Po pierwsze była na początku naszej pierwszej tury i nie znaliśmy naszych możliwości, tudzież mieliśmy ich mniej niż dziś. Ostatnio za każdym razem mijając ją wiedziałem, że musimy tam wrócić i wybrać taki szlak, by nikt nie mówił, że poszliśmy na łatwiznę.

Po drugie chciałem zobaczyć jak wyglądają lasy Gór Opawskich, bo w 2016 wyglądały bardzo źle.

Po trzecie chłopcy, Jasiek chciał zobaczyć wieżę, która miała być “naprawiona”.
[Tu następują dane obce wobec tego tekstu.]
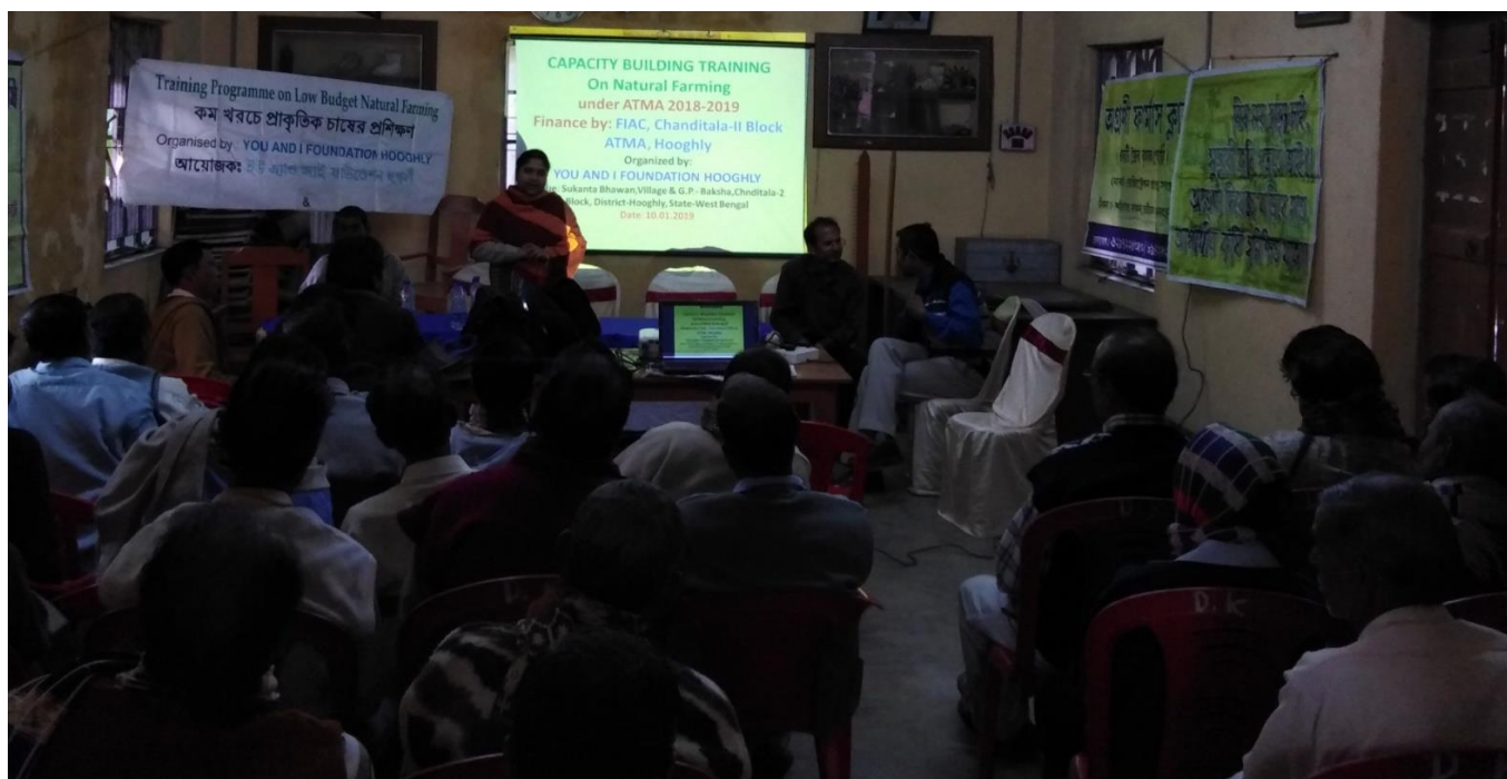
Photo of Capacity Building Training Program at Sukanta Bhawan , Village -Bakasha on 10.01.2019

YOU & I FOUNDATION HOOGLY have organized one day training program on " Capacity Building Training Program " on 10.01.2019 at 10 AM to 5 PM at sukanta bhawan village- baksha, Chanditala- 2 block, , District- Hooghly, West Bengal supported by ATMA, Department of Agriculture, Government of West Bengal.

Góry Opawskie nie są dużym pasmem w Polsce, ale bardzo zróżnicowanym, dynamicznym bym powiedział, że warto o nim pomyśleć, to ostatni powód.

IMG_0497

My zaczęliśmy od Pokrzywnej przebijając się przez lokalny smog.

IMG_0498IMG_0500

IMG_0502

Na starcie zaskoczyło mnie to, że pojawiły się ścieżki edukacyjne, punkty wypoczynkowe, a my szliśmy wzdłuż strumienia w fajnej dolince. Start bez zaskoczenia: Janek pierwszy, Kamo drugi i ja na końcu. Janek był bardzo aktywny. Czytał każdą napotkaną tablicę, a jak była mapa to nawet ją omawiał ze mną i muszę przyznać, że się wciągał.

IMG_0505IMG_0507

Temperatura nie była idealna bo –3C co powodowało, że odczuwało się bardzo wilgoć, ale nie było śniegu, który potem nas “napadł”.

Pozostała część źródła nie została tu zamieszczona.